The High Plains Society
for
Applied Anthropology

2011 Annual Meeting

  • Friday, April 15, 2011
  • 5:00 PM
  • Sunday, April 17, 2011
  • 12:00 PM
  • Tivoli Student Union, Auraria Campus, Denver, CO
  • 56

Registration

  • Registration fee for current HPSfAA individual (non-student) members. To join or renew, please use our online payment system.
  • For professional non-members who do not wish to join HPSfAA at this time. To receive the discounted member rate, please join or renew first using our online registration system.
  • Discounted registration for current student members of HPSfAA. To join or renew as a student member, please use our online member registration system.
  • Fee for students (all levels) who are not active members of HPSfAA. To receive the discounted rate for members, please join or renew using the online registration system.
  • Special rate for current dual members. To join or renew your membership, please use our online payment system before registering for the conference.

Quality of Life and the Role of Applied Anthropology

HPSfAA Annual Conference

April 15-17, 2011

Tivoli Student Union, Auraria Campus, Denver


Online Registration Now Closed

Online registration for the conference is now closed. If you have not yet registered, or if you registered but have not paid, you must bring payment (cash or check only) to the conference registration desk in the Tivoli Student Union Building.

Conference Info
Throughout the modern era, development policy has assumed that improving quality of life was equated with increased wealth. Applied anthropologists play an important role in directing policy and research to the full complex of factors that support actual quality of life.

This conference will explore the work of practitioners and academics in revealing and implementing programs designed to improve the actual quality of life in diverse communities of concern.
Among the areas of exploration are: health, environment and sustainability; community development; new technologies; equity and social justice; education; housing; transportation; and economic, political and cultural self-determination.

For example, in the area of health, an applied anthropological approach to quality of life can help bring about an effective understanding of health and sickness by taking into account people’s beliefs, values and behaviors. Applied anthropologists recognize that a lack of access to resources, power, work, and wealth, in addition to neighborhood conditions, environmental degradation, and geographic displacement, can contribute to sickness just as germs and virus can. 


Quality of life work can build culturally aware best practices, create partnerships and collaborative efforts, promote preventive approaches, and examine the root causes and social determinants of quality of life inequities.

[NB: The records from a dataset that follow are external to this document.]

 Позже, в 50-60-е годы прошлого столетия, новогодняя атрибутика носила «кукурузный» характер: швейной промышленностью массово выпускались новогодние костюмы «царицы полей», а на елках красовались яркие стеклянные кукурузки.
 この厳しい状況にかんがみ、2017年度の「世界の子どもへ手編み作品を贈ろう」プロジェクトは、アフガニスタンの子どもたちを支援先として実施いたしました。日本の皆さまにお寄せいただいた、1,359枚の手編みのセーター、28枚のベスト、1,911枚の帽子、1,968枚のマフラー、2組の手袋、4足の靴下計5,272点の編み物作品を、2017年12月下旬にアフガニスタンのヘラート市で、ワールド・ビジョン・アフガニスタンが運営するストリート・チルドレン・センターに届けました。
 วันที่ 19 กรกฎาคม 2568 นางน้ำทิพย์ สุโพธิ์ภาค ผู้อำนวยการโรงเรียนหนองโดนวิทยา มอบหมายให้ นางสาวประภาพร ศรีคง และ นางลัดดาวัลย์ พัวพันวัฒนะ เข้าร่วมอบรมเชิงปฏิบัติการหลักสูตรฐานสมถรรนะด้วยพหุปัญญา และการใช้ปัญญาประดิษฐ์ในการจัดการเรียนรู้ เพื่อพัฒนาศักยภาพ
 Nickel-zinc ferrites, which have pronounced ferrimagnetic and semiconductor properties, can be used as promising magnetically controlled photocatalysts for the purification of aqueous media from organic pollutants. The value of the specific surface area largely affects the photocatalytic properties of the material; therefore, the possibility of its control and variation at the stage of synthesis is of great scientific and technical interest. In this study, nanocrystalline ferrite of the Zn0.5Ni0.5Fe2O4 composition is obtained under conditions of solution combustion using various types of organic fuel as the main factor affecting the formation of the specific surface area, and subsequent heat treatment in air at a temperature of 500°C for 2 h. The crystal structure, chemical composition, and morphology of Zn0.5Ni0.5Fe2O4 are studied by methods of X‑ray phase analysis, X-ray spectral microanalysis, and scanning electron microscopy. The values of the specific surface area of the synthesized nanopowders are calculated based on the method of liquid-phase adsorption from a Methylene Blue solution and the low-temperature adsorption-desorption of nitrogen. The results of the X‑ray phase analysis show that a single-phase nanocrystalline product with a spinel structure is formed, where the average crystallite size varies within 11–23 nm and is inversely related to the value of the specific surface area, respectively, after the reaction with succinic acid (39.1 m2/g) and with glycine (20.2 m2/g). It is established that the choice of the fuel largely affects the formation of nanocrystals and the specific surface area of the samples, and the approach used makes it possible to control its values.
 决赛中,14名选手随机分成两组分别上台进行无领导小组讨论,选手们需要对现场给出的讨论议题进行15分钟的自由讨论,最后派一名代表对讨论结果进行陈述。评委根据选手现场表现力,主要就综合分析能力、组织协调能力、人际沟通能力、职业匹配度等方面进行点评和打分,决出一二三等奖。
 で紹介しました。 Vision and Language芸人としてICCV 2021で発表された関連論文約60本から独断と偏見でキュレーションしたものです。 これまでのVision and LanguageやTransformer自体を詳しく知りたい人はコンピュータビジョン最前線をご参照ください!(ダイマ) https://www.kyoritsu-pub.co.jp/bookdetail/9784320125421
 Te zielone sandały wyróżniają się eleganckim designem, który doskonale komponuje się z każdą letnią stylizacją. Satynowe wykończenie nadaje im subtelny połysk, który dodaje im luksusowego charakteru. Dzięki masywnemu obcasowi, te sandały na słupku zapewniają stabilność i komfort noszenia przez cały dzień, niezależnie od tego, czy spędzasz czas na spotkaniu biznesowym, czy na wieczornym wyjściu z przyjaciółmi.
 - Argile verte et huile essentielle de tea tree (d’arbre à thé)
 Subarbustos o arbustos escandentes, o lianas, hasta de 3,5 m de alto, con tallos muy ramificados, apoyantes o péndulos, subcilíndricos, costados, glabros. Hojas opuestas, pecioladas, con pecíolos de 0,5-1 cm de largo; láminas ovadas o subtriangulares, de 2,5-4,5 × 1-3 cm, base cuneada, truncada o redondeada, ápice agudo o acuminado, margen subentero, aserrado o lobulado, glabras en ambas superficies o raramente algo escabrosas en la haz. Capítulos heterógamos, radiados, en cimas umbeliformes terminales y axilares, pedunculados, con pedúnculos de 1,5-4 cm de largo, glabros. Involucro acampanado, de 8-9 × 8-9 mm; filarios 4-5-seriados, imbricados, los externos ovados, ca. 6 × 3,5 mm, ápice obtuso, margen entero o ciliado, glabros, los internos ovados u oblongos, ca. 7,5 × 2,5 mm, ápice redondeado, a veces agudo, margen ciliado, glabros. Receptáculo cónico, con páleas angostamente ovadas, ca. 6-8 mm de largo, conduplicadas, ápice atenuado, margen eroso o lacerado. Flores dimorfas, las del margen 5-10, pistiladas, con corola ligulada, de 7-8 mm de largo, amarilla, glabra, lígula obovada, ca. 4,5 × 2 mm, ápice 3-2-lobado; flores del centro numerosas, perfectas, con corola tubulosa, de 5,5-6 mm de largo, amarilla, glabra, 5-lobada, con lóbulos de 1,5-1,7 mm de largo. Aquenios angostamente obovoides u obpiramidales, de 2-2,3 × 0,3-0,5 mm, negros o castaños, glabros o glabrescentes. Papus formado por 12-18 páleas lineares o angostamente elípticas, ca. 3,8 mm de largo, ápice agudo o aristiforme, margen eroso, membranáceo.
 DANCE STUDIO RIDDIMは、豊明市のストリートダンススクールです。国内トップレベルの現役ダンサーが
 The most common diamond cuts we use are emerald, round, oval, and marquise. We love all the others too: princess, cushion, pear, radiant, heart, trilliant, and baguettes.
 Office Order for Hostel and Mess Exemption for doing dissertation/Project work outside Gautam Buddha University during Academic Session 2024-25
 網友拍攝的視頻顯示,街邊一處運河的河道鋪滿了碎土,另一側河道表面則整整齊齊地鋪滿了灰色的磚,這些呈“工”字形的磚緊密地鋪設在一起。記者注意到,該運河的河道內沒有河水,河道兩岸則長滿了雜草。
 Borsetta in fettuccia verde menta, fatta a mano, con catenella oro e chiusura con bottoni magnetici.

Subtheme and Keynote Speaker

A subtheme of this year's C. conference is "The Legacy of Omer C. Stewart." Stewart,  who was a founder of the High Plains Society for Applied Anthropology, was a committed advocate of  Native rights, and one of the most influential figures in the battle over the use of peyote as part of the Native American Church. Papers addressing the contributions of Omer  to indigenous ecologies, religious freedom, the practice of applied anthropology, the creation of the High Plains Society, and other aspects of his career and research are invited. The Invited Keynote Speaker will be David White Bull, Loan Officer for The Lakota Fund on the Pine Ridge Indian Reservation in South Dakota, who will discuss “Community Development and the Native American Church.” 
If you or your community, students, agencies, coalitions, organizations, teams, or colleagues have a story to tell, idea to explore, paper to present, research to expand our knowledge or experiences to share, we invite you to join us! Please use our online registration system to register and pay for the conference. Several registration categories are available for members and non-members. 

For more information, please contact the program coordinators:

Kathleen Sherman, Dept. of Anthropology, Colorado State U.
Phone: (605) 441-0271

Teresa Tellechea, Dept. of Anthropology, University of Northern Colorado
Phone: (970) 351-1745

Hotel Information

The High Plains Society has made arrangements for discounted rooms at the Hotel VQ at Mile High, which is within walking distance of the Auraria Campus. Rooms can be reserved for $79 per night (plus taxes and fees), and up to four people can share one room. Rooms with two queen beds or one king bed are available, with a block being held until April 1. After that rooms will be based on availability.

To make a reservation, call the Hotel VQ directly at 800-388-5381 or 303-433-8331. State that you are a member of the High Plains Society for Applied Anthropology when making the reservation in order to receive the discounted rate. You must arrange payment for the room yourself; the HPSfAA cannot take payments or make arrangements for hotel rooms on your behalf.

The hotel is a 1.2 mile walk from the Tivoli Student Union Building on the Auraria Campus (link to map below). A free shuttle will also be provided from the hotel to the conference site and back. Also, a conference room will be available for our board meetings, along with a hospitality suite where we can have evening social events. The conference planners encourage you to take advantage of this hotel if you are coming from out of town.